Thursday, 3 September 2009

Patients with terminal illnesses are being made to die prematurely under an NHS scheme to help end their lives, The Daily Telegraph has reported.

Under a scheme designed to reduce patient suffering in their final hours and recommended by NICE in 2004, the decision to diagnose that a patient is close to death is made by the entire treating medical team, including a senior doctor.

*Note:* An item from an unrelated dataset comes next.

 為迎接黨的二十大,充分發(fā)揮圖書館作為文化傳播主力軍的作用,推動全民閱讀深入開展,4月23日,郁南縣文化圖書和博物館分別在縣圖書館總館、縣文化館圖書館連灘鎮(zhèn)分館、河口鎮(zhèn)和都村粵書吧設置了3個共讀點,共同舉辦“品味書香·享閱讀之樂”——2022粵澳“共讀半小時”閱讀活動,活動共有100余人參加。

Patients can then have fluid and drugs withdrawn and many are put on continuous sedation until they pass away.

However, in a letter to The Daily Telegraph, a group of expert doctors in the care of the terminally ill claim that some patients are being wrongly judged as close to death.

This approach can mask the signs that their condition is improving, warn the experts who include Professor Peter Millard, Emeritus Professor of Geriatrics, University of London, Dr Peter Hargreaves, a consultant in Palliative Medicine at St Luke’s cancer centre in Guildford, and four others.

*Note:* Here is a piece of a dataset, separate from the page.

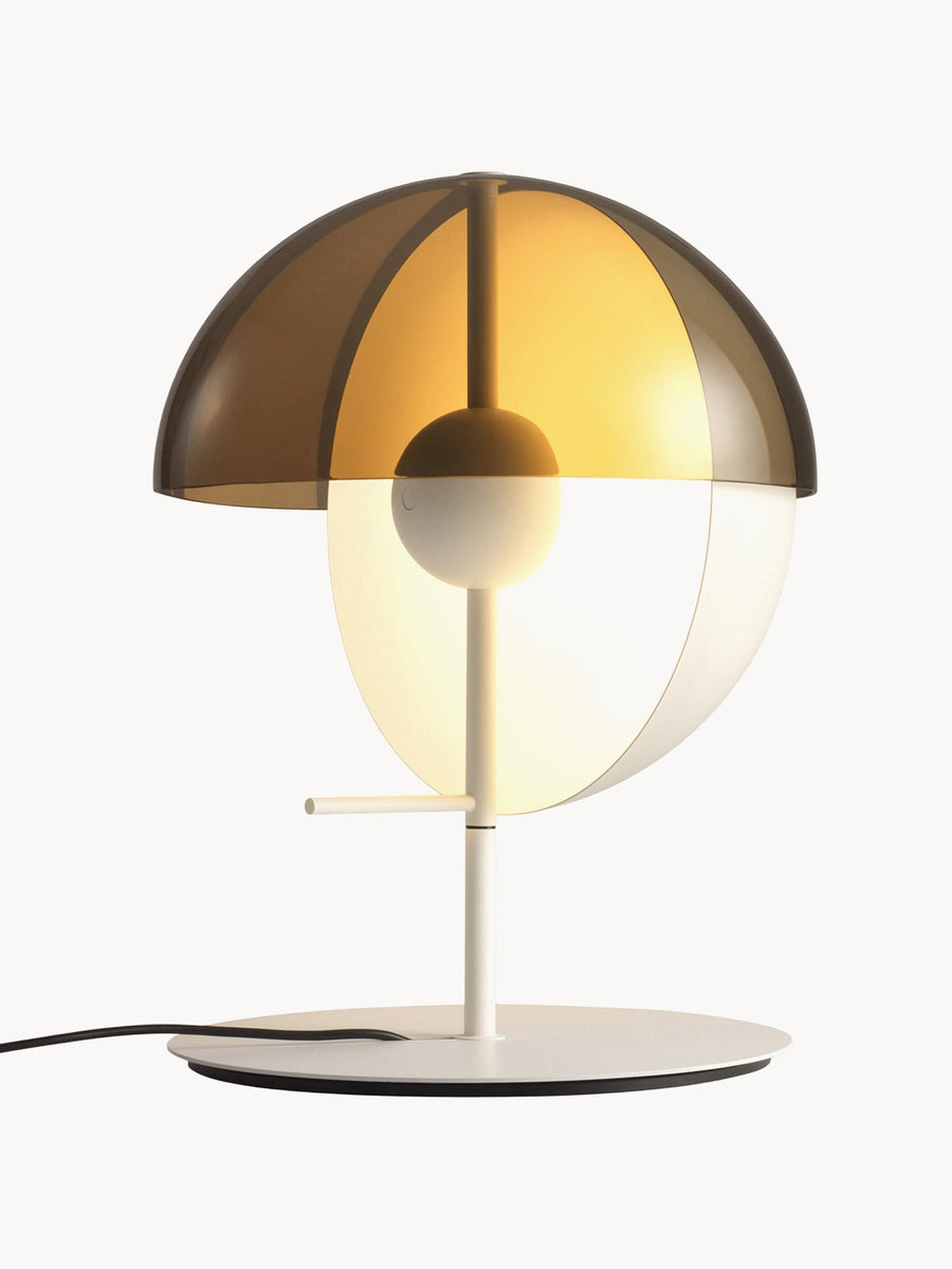 Projekt Thei jest elementarny i elegancki: dwie półkule, jedna umieszczona poziomo, a druga pionowo, przecinają się. Podobnie jak w naturze, te elementy umożliwiają jednoczesne rzutowanie, odbijanie i pochłanianie światła ze źródła przez przedmioty, zapewniając w ten sposób przyjemność wizualną.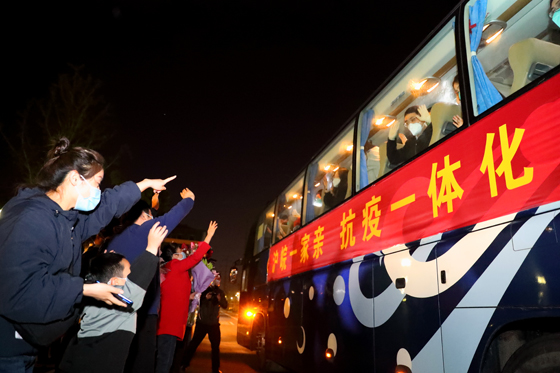 5月13日,在圆满完成援沪抗疫任务后,徐静与同一小组的其他队员一道登上返程大巴,这批队员在上海连续奋战40余天,累计完成样本核酸检测量6万余管。

“Forecasting death is an inexact science,” they wrote. Patients are being diagnosed as being close to death “without regard to the fact that the diagnosis could be wrong.

“As a result a national wave of discontent is building up, as family and friends witness the denial of fluids and food to patients.”

Under the scheme, known as the Liverpool Care Pathway, the medical team look for signs that a patient is approaching their final hours, which can include losing consciousness or having difficulty swallowing medication. However, the doctors warn that these signs can point to other medical problems; patients can become semi-conscious and confused as a side effect of pain-killing drugs such as morphine if they are also dehydrated, for instance.

When a decision has been made to place a patient on the pathway doctors are then recommended to consider removing medication or invasive procedures, such as intravenous drips, which are no longer of benefit.

If a patient is judged to still be able to eat or drink food and water will still be offered to them, as this is considered nursing care rather than medical intervention.